Exercise >> Only the lines from the one containing "The sun was" through the end of the listing belong in the answer, repeated exactly, with no pictures.

The data >>
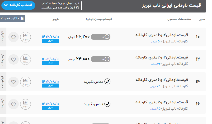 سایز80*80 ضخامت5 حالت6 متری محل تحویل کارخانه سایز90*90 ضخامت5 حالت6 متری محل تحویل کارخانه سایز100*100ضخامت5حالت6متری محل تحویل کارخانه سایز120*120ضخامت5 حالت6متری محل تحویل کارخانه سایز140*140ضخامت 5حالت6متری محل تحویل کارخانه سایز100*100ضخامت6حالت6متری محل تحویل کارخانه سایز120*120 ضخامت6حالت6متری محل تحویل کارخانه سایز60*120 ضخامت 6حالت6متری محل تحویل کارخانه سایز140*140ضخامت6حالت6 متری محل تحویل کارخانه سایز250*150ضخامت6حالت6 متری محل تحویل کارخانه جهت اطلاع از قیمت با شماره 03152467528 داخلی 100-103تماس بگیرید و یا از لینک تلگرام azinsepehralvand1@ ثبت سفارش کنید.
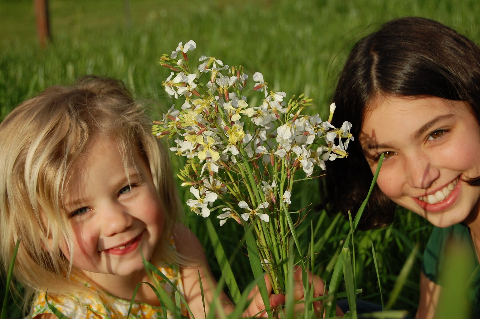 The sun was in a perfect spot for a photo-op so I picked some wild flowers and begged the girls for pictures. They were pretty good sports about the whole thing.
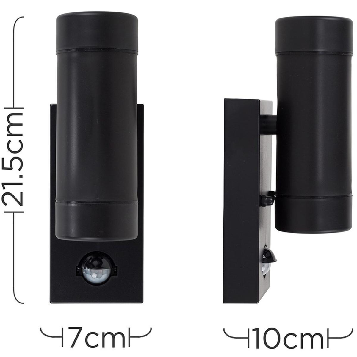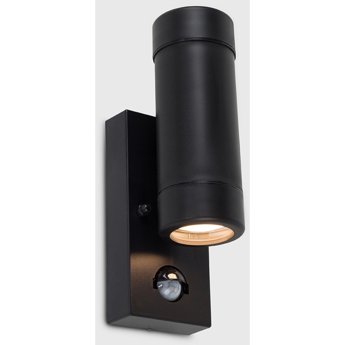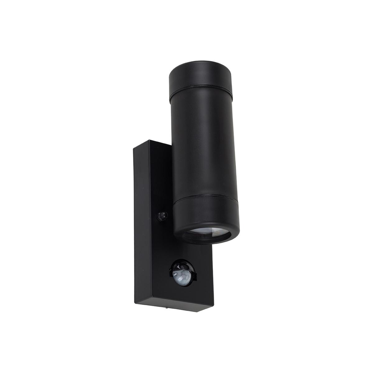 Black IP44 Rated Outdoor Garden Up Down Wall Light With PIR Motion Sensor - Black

Your solution >>
 The sun was in a perfect spot for a photo-op so I picked some wild flowers and begged the girls for pictures. They were pretty good sports about the whole thing.
 Black IP44 Rated Outdoor Garden Up Down Wall Light With PIR Motion Sensor - Black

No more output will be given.